With potentially millions of new voters entering the electoral system, traditional political punditry may struggle to predict the election
IN THE PERIOD between the General Election’s announcement on 29 October and the registration deadline on midnight, 26 November, over 3 million people have registered to vote.
Similar to 2017, the biggest increase was in voters under 34, who accounted for 68 per cent of all registrations. Overall, this election period saw a 38 per cent increase in registrations compared to 2017.
According to Electoral Reform Society analysis, 366,443 people registered to vote on the day before registration closed [25 November].
In the aftermath of the EU Referendum, much has been said about the age divide in those who backed remaining in the EU versus those who voted to leave.
Many Remain supporting politicians, keen to attract the youth vote, have sought to make much out of young people having their “future stolen”.

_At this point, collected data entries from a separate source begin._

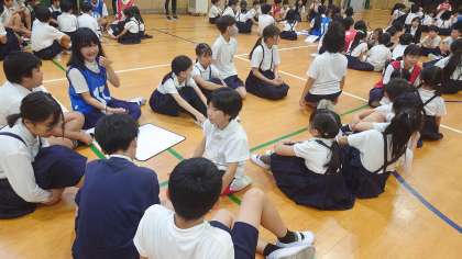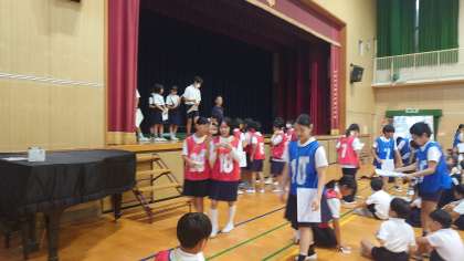 今朝は久しぶりに、講堂にスマイル班で集まって、ゲーム集会をしました。
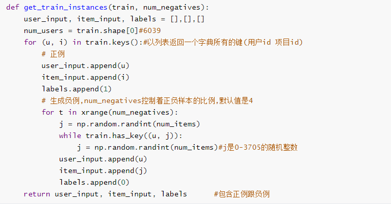 在训练时会在训练数据中加入负例(negative instances),通过get_train_instances()函数获得。
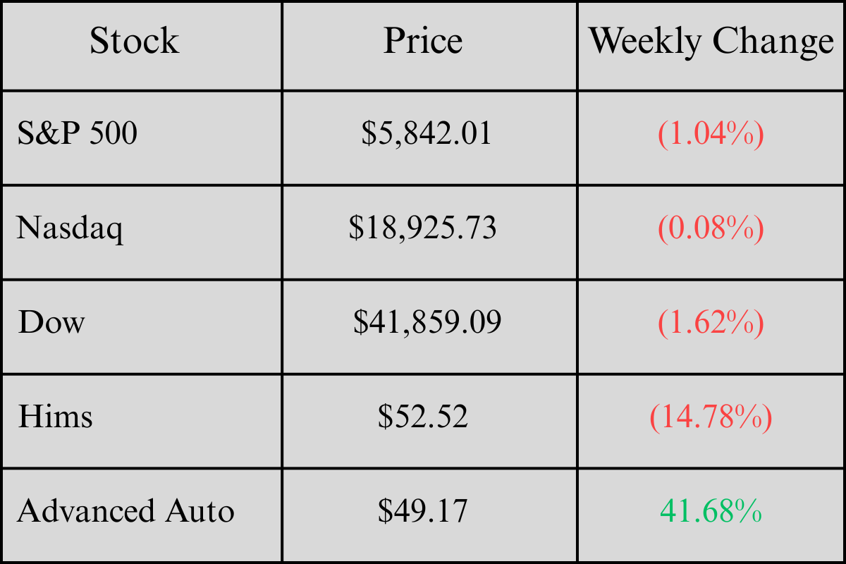 Markets ended lower this week as rising Treasury yields pressured equity valuations. All major indices fell this week, with tech showing some resiliency. Elevated yields continue to weigh on rate-sensitive sectors as investors reassess risk and uncertainty around Fed policy.
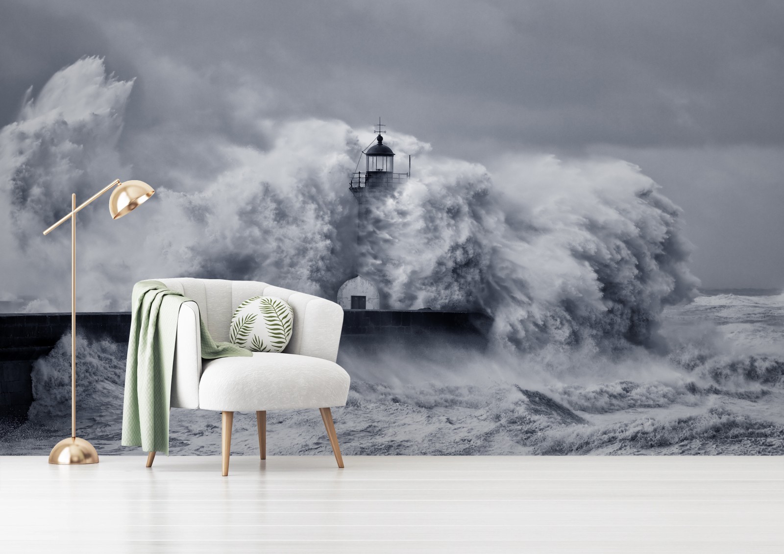 Fototapete Leuchtturm von mächtigen wellen umgeben
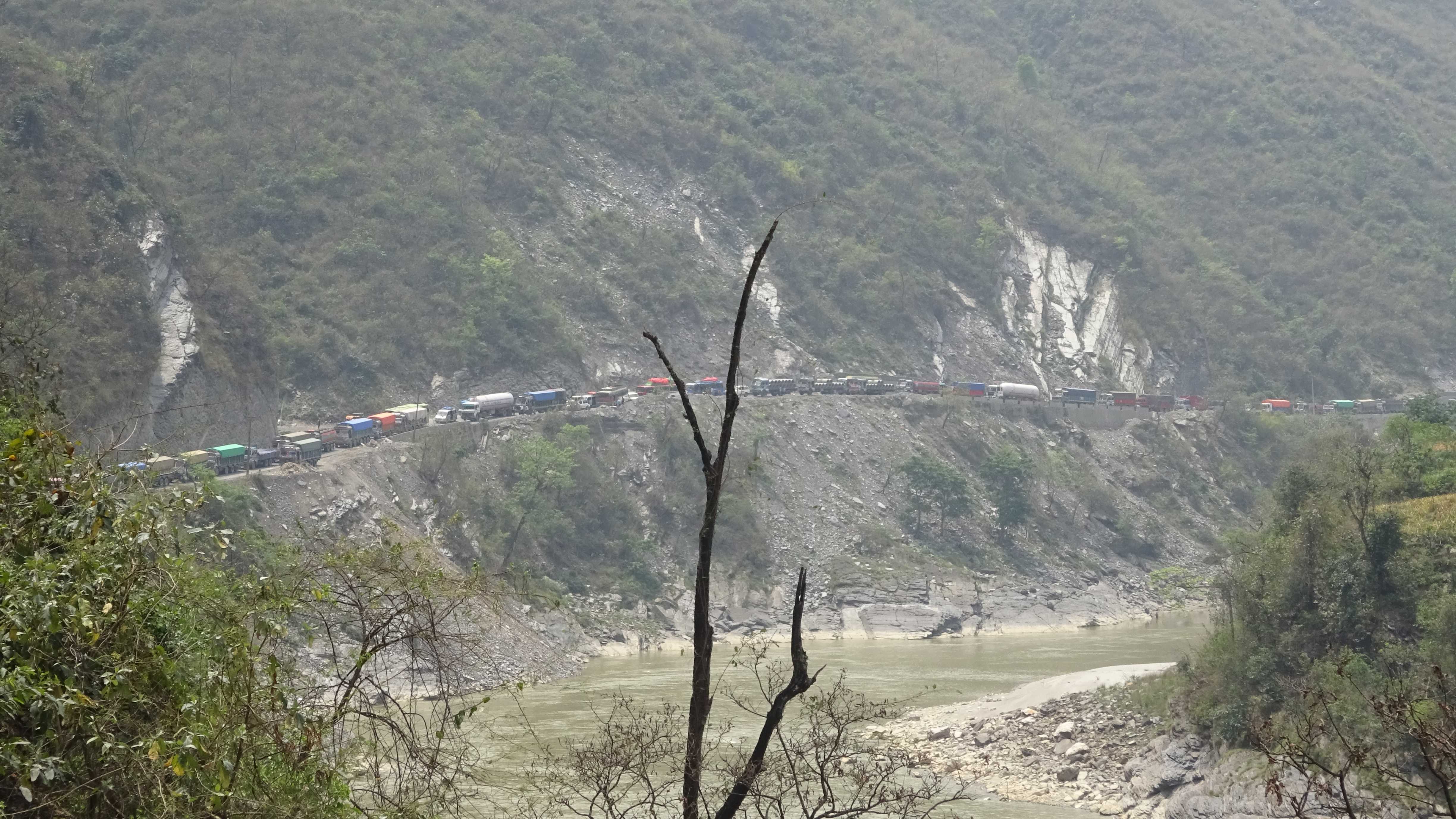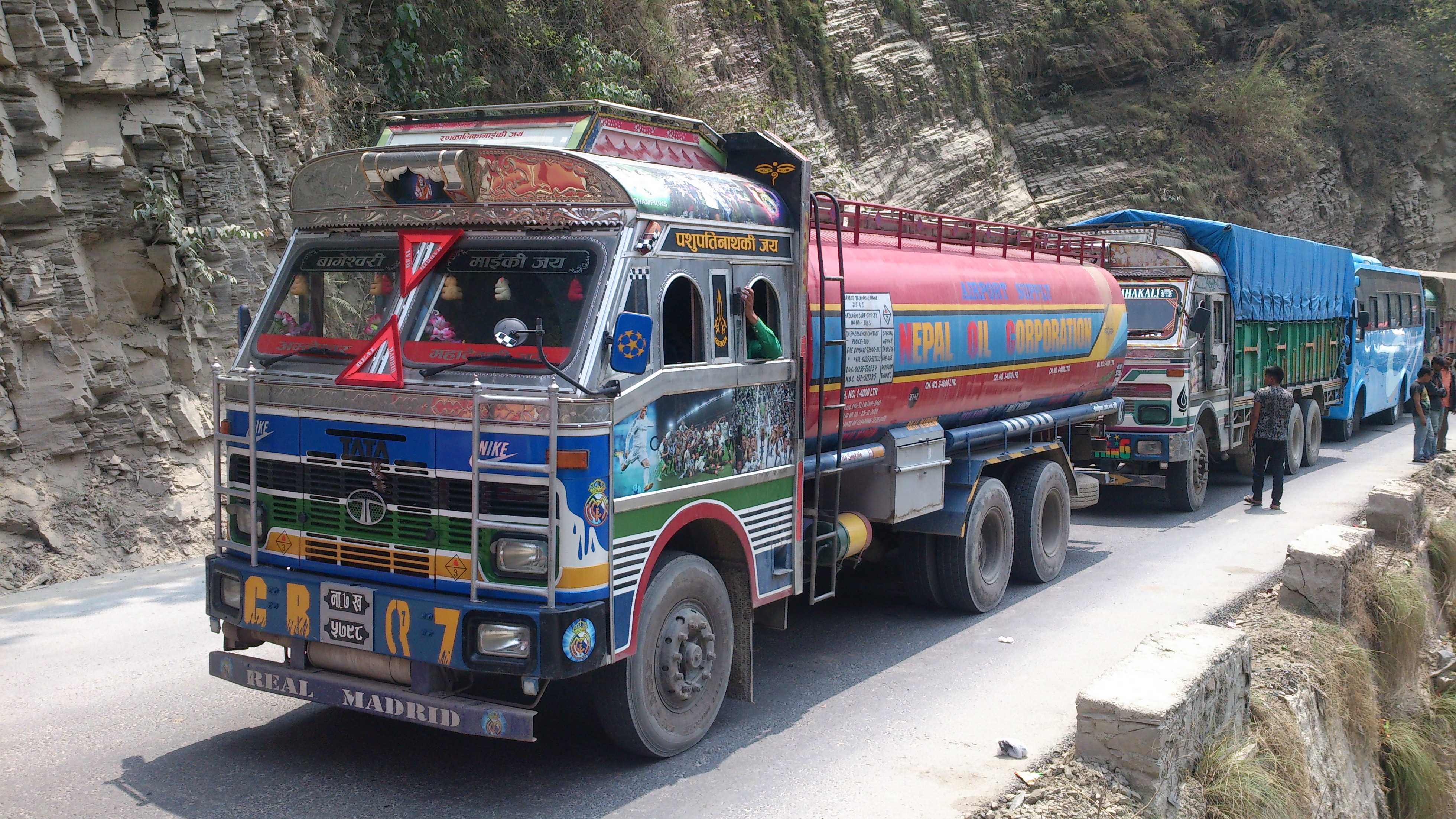 Obwohl geteert und mehr oder weniger schlaglochfrei, ist eine Fahrt auf diesen Straßen nicht mit einer Fahrt in Deutschland vergleichbar. Es sind Bergstraßen mit ständigen Steigungen und engen Kurven. Gleichzeitig sind es aber die besten Straßen, die Nepal zu bieten hat, und entsprechend ist der LKW-Anteil immens. Die stets kurios bunt geschmückten, indischen Tata-LKW haben sichtlich mit den Steigungen zu kämpfen – mehr noch, als die indischen Tata-Busse, in denen wir sitzen. Also gilt es dem natürlichen Instinkt des Menschen folgend, die LKW zu überholen, wobei sich wiederum die vielen engen Kurven als problematisch herausstellen.
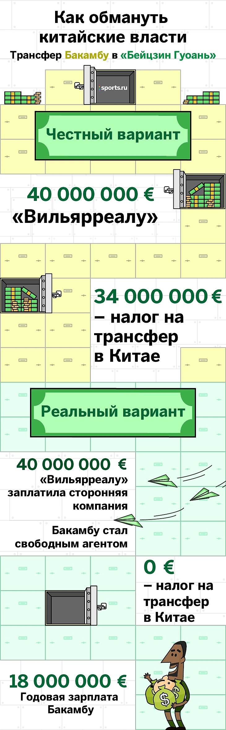 Китайский клуб, разочарованный плохим сезоном (всего 9-е место в чемпионате), был готов выкупить Бакамбу за 40 миллионов евро. Но сделка осложнялась жестким правилом китайской федерации футбола: если клуб тратит на трансфер из-за границы более 45 миллионов юаней (примерно 6 млн евро), то должен заплатить 100-процентный налог на превышение. В итоге родилась такая хитрая схема.

That divide on age lines was also seen in the 2014 independence referendum; as 16 and 17 year olds were given the vote for the first time, voter engagement was higher than ever, with post-poll analysis also suggesting younger people were much more likely to opt for independence.
As in 2014, these huge numbers of new voters entering the electoral system make the General Election harder than ever to predict.
Much political punditry is based on an understanding of voter behaviour, but those new voters don’t have a trend to analyse or base predictions upon.
Nevertheless, based on polling at least, south of the border those under 34 are much more likely to vote Labour than Conservative. This perhaps explaining the massive registration drive carried out by the Labour party on social media, whilst Boris Johnson and other Conservatives posted few, if any, reminders to register to vote.
The increase was welcomed by civil society groups like the National Union of Students [NUS] Scotland, who say they will now move from registration drives to making sure students use their vote.
NUS Scotland president Liam McCabe told CommonSpace: “Ahead of election day, NUS Scotland will be ensuring students across the country use their vote. We’re encouraging all students to ‘make a plan’ on how they’re going to vote and to ensure they set aside time to do so.
“For this generation, there has never been a higher stakes election. Only by using their vote can students across Scotland ensure their voices are heard, creating change on their campus, in their communities and across society.”
The Electoral Reform Society also welcomes the uplift, whilst urging all parties to introduce automatic voter registration which would ensure anyone eligible to vote could do so without prior registration.